The Sixteenth Conference of the Parties (COP-16) could have been a eulogy for the United Nations Framework Convention on Climate Change (UNFCCC). The failure to obtain a long-term legally binding agreement at COP-15 in Copenhagen substantially lowered expectations that a deal to manage global greenhouse gas emissions could be worked out by the UNFCCC. However the 2010 Conference closed on a high note with consensus being achieved on several important agreements, in forestry, financing and technology transfer.

ACUPCC UNCF COP-16

UNCF and Second Nature hosted a side event at COP-16 on the ACUPCC as a framework for advancing sustainability

At the onset of the conference, tensions were elevated as numerous countries expressed misgivings about the backroom process that lead to COP-15’s political, yet non-official, Copenhagen Accord. Trying to alleviate these concerns, the President of COP-16, Mexican Minster of Foreign Affairs Patricia Espinosa, continuously pledged transparency as agreements were drafted.

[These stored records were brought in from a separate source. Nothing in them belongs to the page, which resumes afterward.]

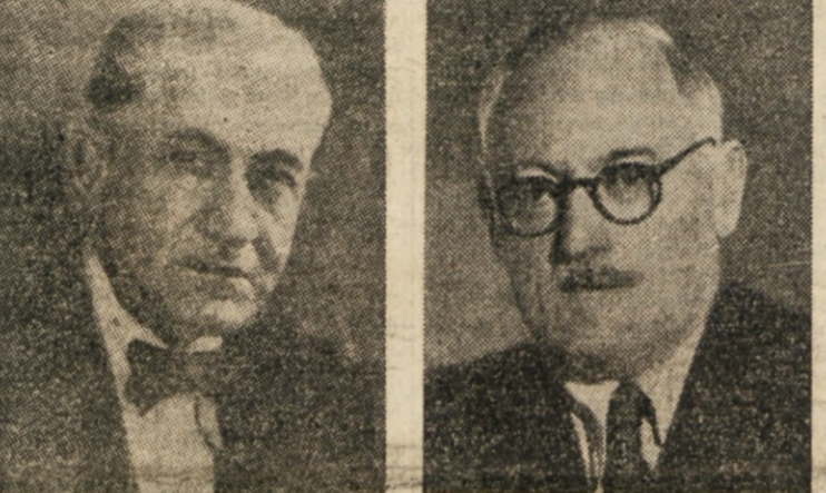
STANOJE SIMIĆ, zunanji minister FLRJ

Z zajemčenjem plovbe po Donavi je od prvih dni po končani vojni je Jugoslavija z dejniji pokazala, da hoče prispevati k utrditvi mednarodne solidarnosti in mirnega
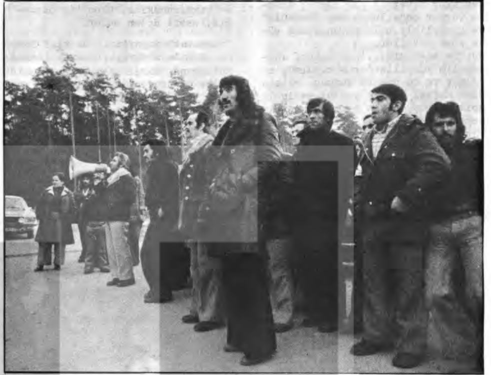
Fabrika önünde her gün grev kırıcılara çağrılar yapılıyor. Maoocular, Troçkistlere, her türlü bölücülere karşı ise saflar sıklaştırılıyor.

Aralarından birkaçının patrona satılmış olmasına rağmen 99 işçi şu anda grevde, yarısından çoğu da kadın. Disiplinle ve sağlam bir moralle sürdürüyorlar grevlerini. "Patron ya iş teklerimizi kabul eder ya da fabrikayı kapatır." diyorlar. Artık hepsi güvenli. Sendikalarının eşliğinde tüm devrimci, demokratik kuruluşların ken dilerini desteklediğini biliyorlar. Birliklerinden kıvanç duyuyorlar. Bundan sonra da mücadelelerini sürdürmeye azmetmişler çünkü kendilerini patronlara ezdirmemek için birlikte mücadeleyi öğrenmişler.
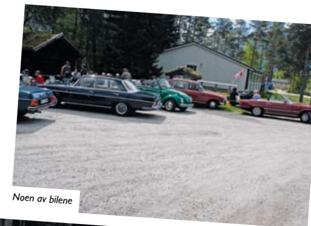
Noen av bilene
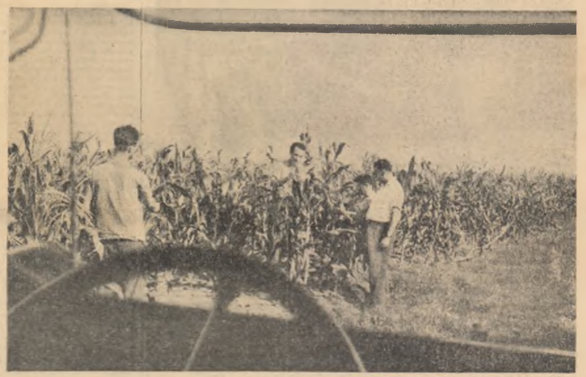
Pe terasiile semănate cu porumb și grâu podrișii agrilor la colective „Voința” din comuna Corabia, regiunea Oltenia, plantele au crescut înalte, viguroase și promițătoare bogat, fapt care încheie la care au ajuns inginerul, brigadierii gospodăriei, la urma cooperatorilor din teren. Acesta este rezultatul asigurării unei densități corespunzătoare a plantelor, pe metoda plantat și al lucrărilor de întreținere aplicate în vreme.
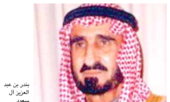
بندر بن عبد العزيز آل سعود

الرياض (ا ف ب) - توفي الأمير بندر بن عبد العزيز آل سعود، شقيق العاهل السعودي الملك سلمان واكبر أبناء الملك الراحل عبد العزيز، مؤسس أسرة آل سعود، الذين لا يزالون على قيد الحياة. وقال الديوان الملكي انه سيصلى عليه بعد صلاة العشاء امس الاثنين
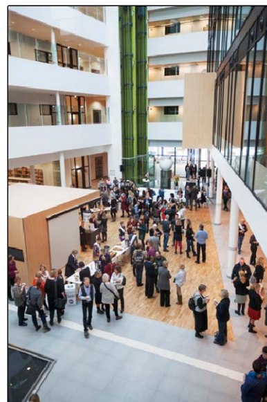
Billedtekst: Det store fælles atrium

Psykiatriens Hus rummer ikke retspsykiatri, da bygningen ikke er sikret til denne målgruppe. Tilgangen i Uppsala til retspsykiatrien er, at den ikke skal placeres sammen med den almene psykiatri. I forhold til børn og ungepsykiatrien har man bevidst valgt at
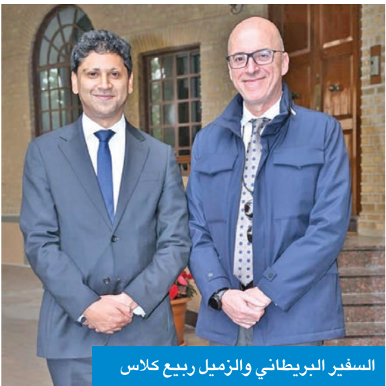
السفير البريطاني والزميل ربيع كلاس

هي مرحلة التنفيذ الفعلي، وأن الشركات البريطانية تنظر بإيجابية كبيرة إلى الفرص المتاحة في السوق الكويت. وفي المجال الدفاعي، أكد استمرار التعاون العسكري بين البلدين، الذي يشمل تدريبات مشتركة، من بينها تمرين «محارب الصحراء»، إضافة إلى برامج تدريبية للكوادر العسكرية الكويتية في بريطانيا، كما أشار
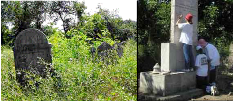
Estudiantes limpiando un cementerio judío abandonado en Szob, Hungría, 2002 (Escuela de la Comunidad Judía Lauder Javne, Budapest)
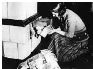
Fig.4. O femeie germană folosește bancnotele pe post de lemne.

Particularitatea oricărei hiperinflații constă în faptul că valoarea nominală a banilor este adesea mai mică decât valoarea lor ca material de hârtie. Astfel, sobele erau încălzite cu mărci germane, deoarece era mai ieftin decât cumpărarea lemnului de foc. Bancnotele erau folosite și pe post de tapete pentru încălzirea pereților. Copiii construiau piramide din pachete de bancnote, ca din cuburi etc. Cetățenii au încetat să mai tranzacționeze în numerar, în favoarea schimbului de bunuri. Mulți medici insistau să fie plătiți în cârnați, ouă, cărbune și alte produse similare. Oamenii schimbau o pereche de pantofi, o cămașă și veselă pentru cafea. Lumea trăia de pe o zi pe alta, ca și cum ar fi fost ultima. La teatru, cinema, circ, vizitatorii erau rugați să aducă mâncare în loc de bani (de ex., la teatru prețul locurilor ieftine costa 2 ouă, iar biletele pentru locurile mai scumpe erau estimate la un kilogram de unt; casa de bilete pentru circ anunța că se pot cumpăra bilete cu pâine, cârnați și fructe).
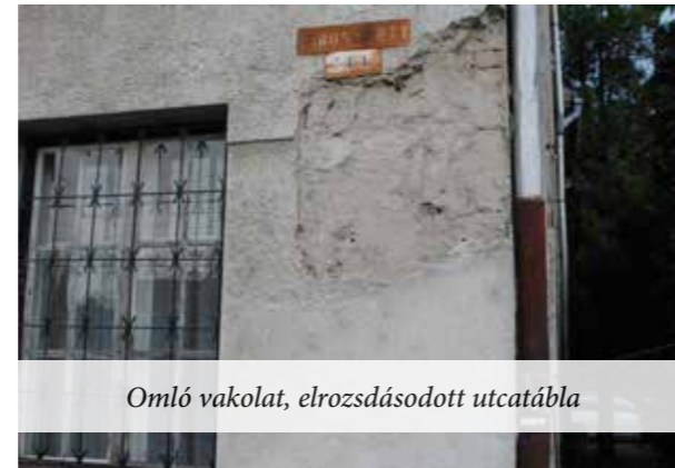
Omló vakolat, elrozsdásodott utcatábla
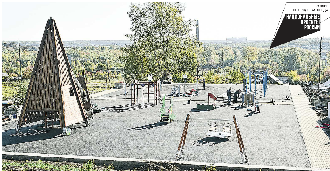
Новые площадки микрорайона скоро примут детей и подростков

В Верхней Туре благоустраивают микрорайон «Рига»
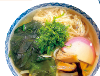
[MAP:A-2] 樽ちゃんうどん・そば
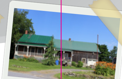
(6) 188, rue Principale
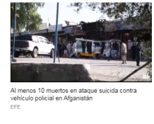
Al menos 10 muertos en ataque suicida contra vehículo policial en Afganistán
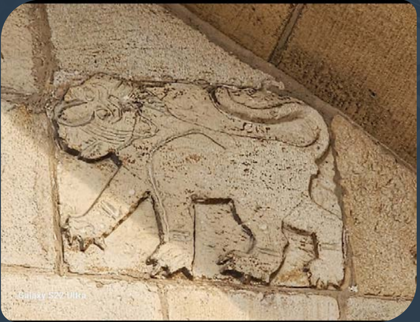
Galaxy 522: Ulka

يعود تاريخ هذه القلعة إلى عام ١٣٨٧، أي عام ٧٨٩هـ، حيث بناها الأمير يونس بن عبد الله النورزي بناءً على طلب من السلطان برقوق أحد سلاطين العصر العربي الإسلامي المملوكي ومؤسس دولة المماليك البرجية. ما يدل على ذلك هو نقش عربي بارز في القلعة يذكر أن البناء شيد بين عامي ١٣٨٧-١٣٨٨م، على يد يونس النورزي الذي كان موظفًا في دولة المماليك البرجية تحت حكم السلطان برقوق. وقد بنيت لتكون بمثابة مركزاً يتوسط الطريق بين دمشق والقاهرة، يتخذة التجار والمسافرين مكاناً للراحة واللقاء والتزود بما يلزمهم من حاجيات في تلك الرحلة الطويلة بين أكبر مدينتين
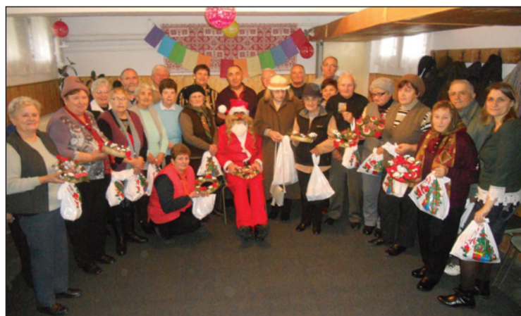
Klub minden kedden, a templom alagsori nagytermében

„Vénségetekig ugyanaz maradok, ősz korotokig én hordozlak! Én alkottalak, én viszlek, én hordozlak, én mentelek meg.” (Ézs 46,4) – hangzott az igei bizonyágtétel november 26-án, Idősek Vasárnapján.
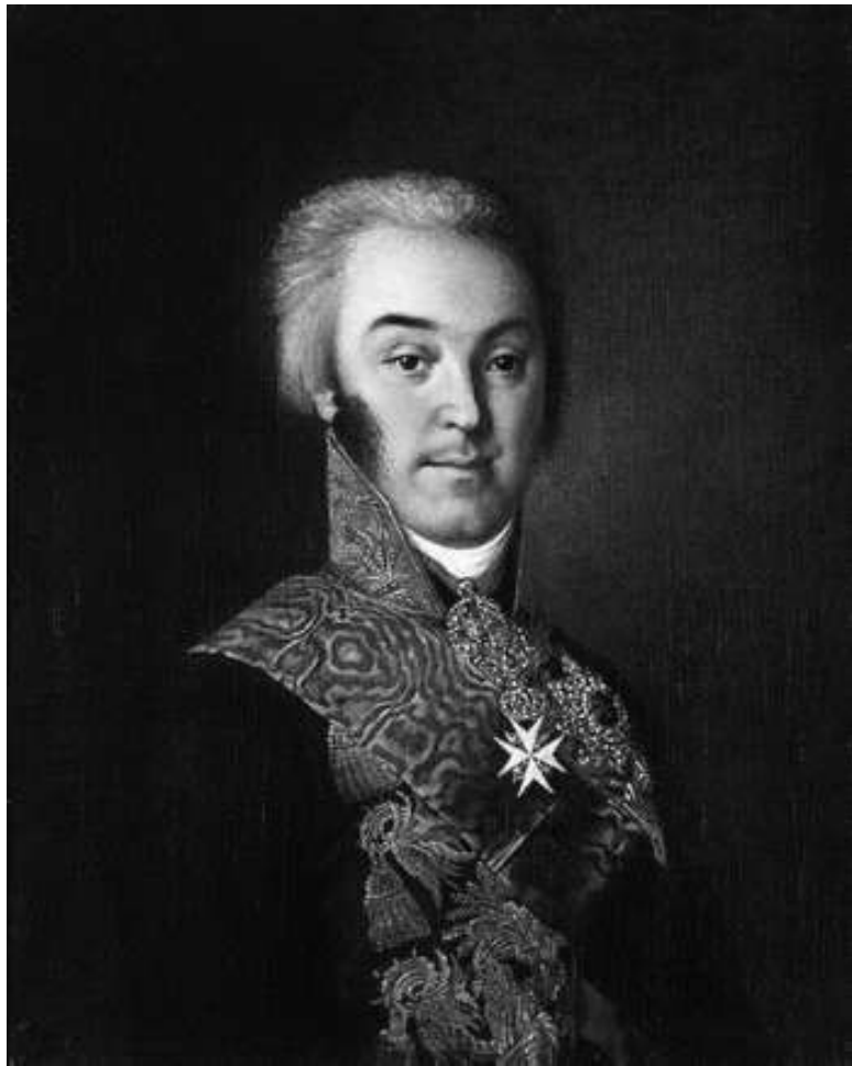
Граф Николай Петрович Шереметев
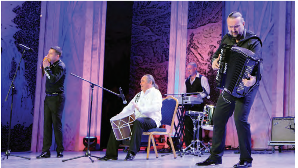
На сцене — виртуозы «НУарт-ПРОЕКТА»

Ансамбль «НУарт-ПРОЕКТ», исполнивший на сцене «Факела» зажигательную инструментальную пьесу «Арцах» существует всего год. Однако, многие из участников коллектива ранее выступали в составе «Джазпрома», группы, взявшей в 2011 году Гран-при
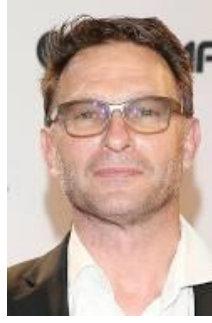
Thomas Kretschmann Yüzbaşı
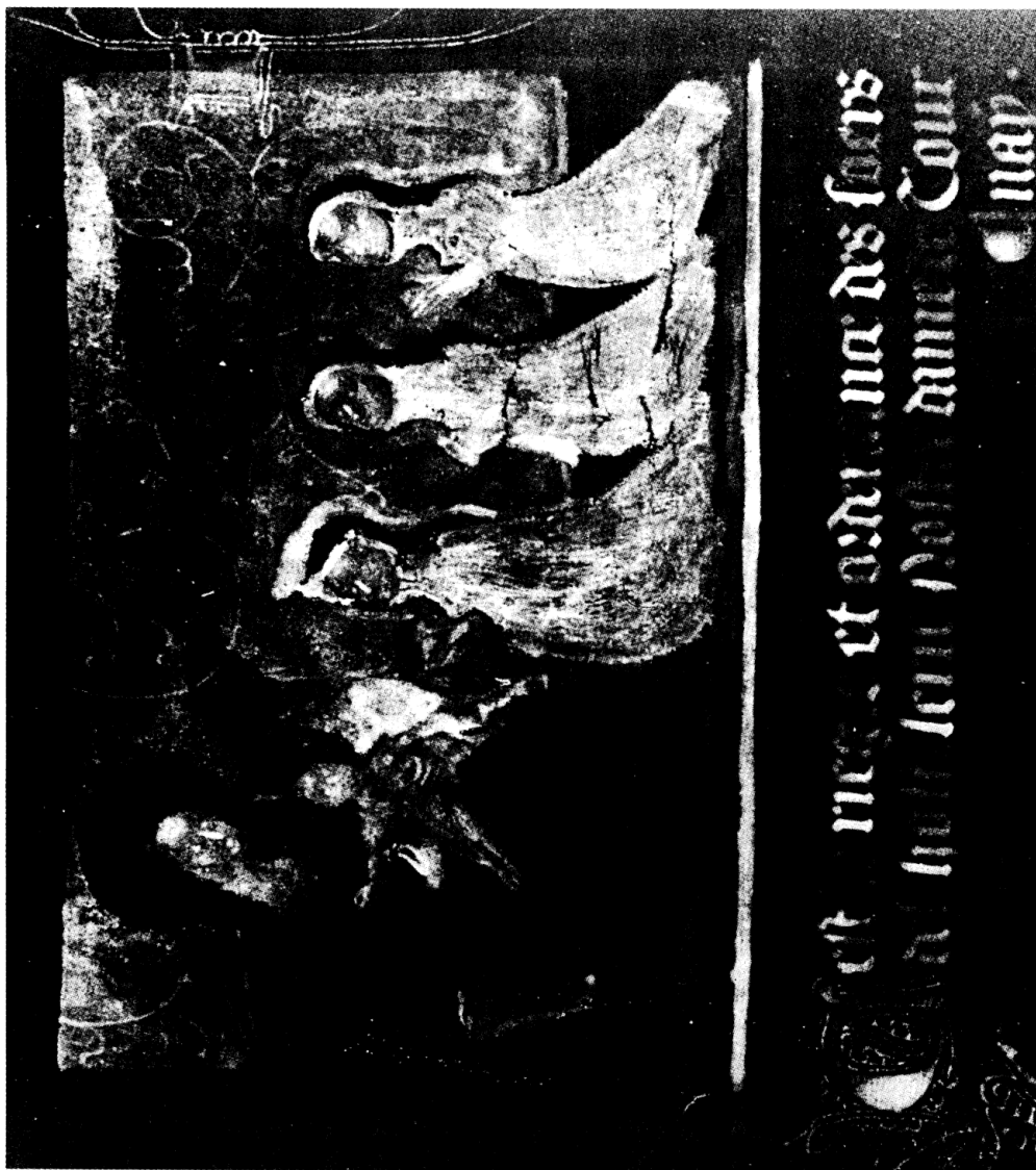
Pl. 12. Trois religieuses vénérant la Vierge à l'Enfant, radiographie de 11b.
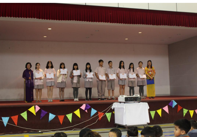
10 học sinh đạt thành tích xuất sắc Học kỳ I cấp THCS khối Song ngữ
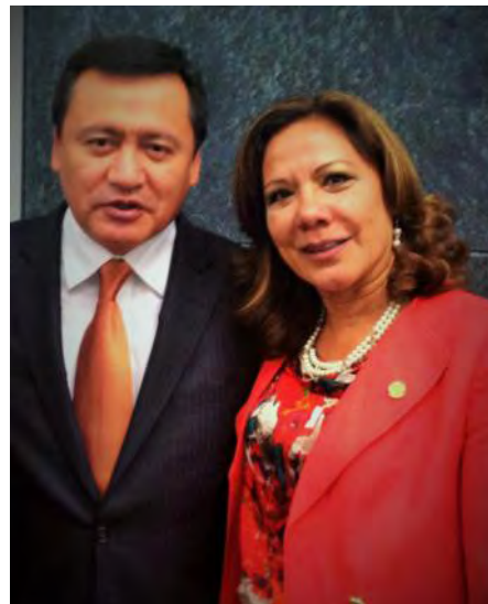
Secretario de Gobernación Miguel Osorio Chong.

Los Diputados y Senadores asistimos a la Residencia de los Pinos a un convivio con el Presidente Enrique Peña Nieto en el cual tuvimos la oportunidad de platicar sobre las reformas transformadoras, así como también dialogamos con los Secretarios de Gobernación, de Educación y el Procurador General de la República con quienes nos comprometimos a trabajar juntos por México.
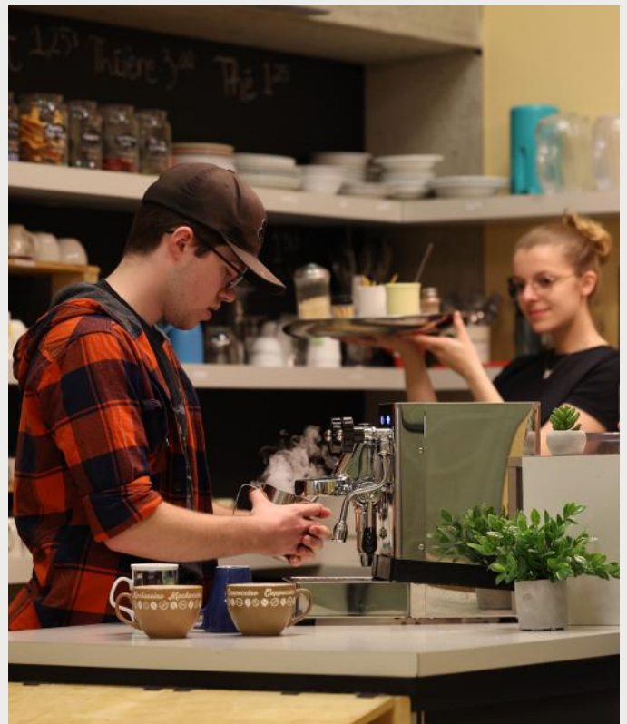
Le Café étudiant du Cégep, le Cafénomade-Abioki, offre des produits biologiques, équitables et abordables.

Si tu as à cœur le développement durable et l'environnement, tu pourras t'impliquer dans le cadre d'activités parascolaires supportées, entre autres, par le comité étudiant environnement Les Bleuets verts et l'équipe du Café étudiant.

Such efforts to placate the convention attendees were drowned out on the conference’s opening day when Japan vociferously stated that it would not agree to an extension of the Kyoto Protocol, with Canada and Australia following suit. Whether or not to extend the first agreement to reduce emissions past the 2012 sunset has been a looming issue since the failure in Copenhagen to obtain a long-term, legally binding replacement for it.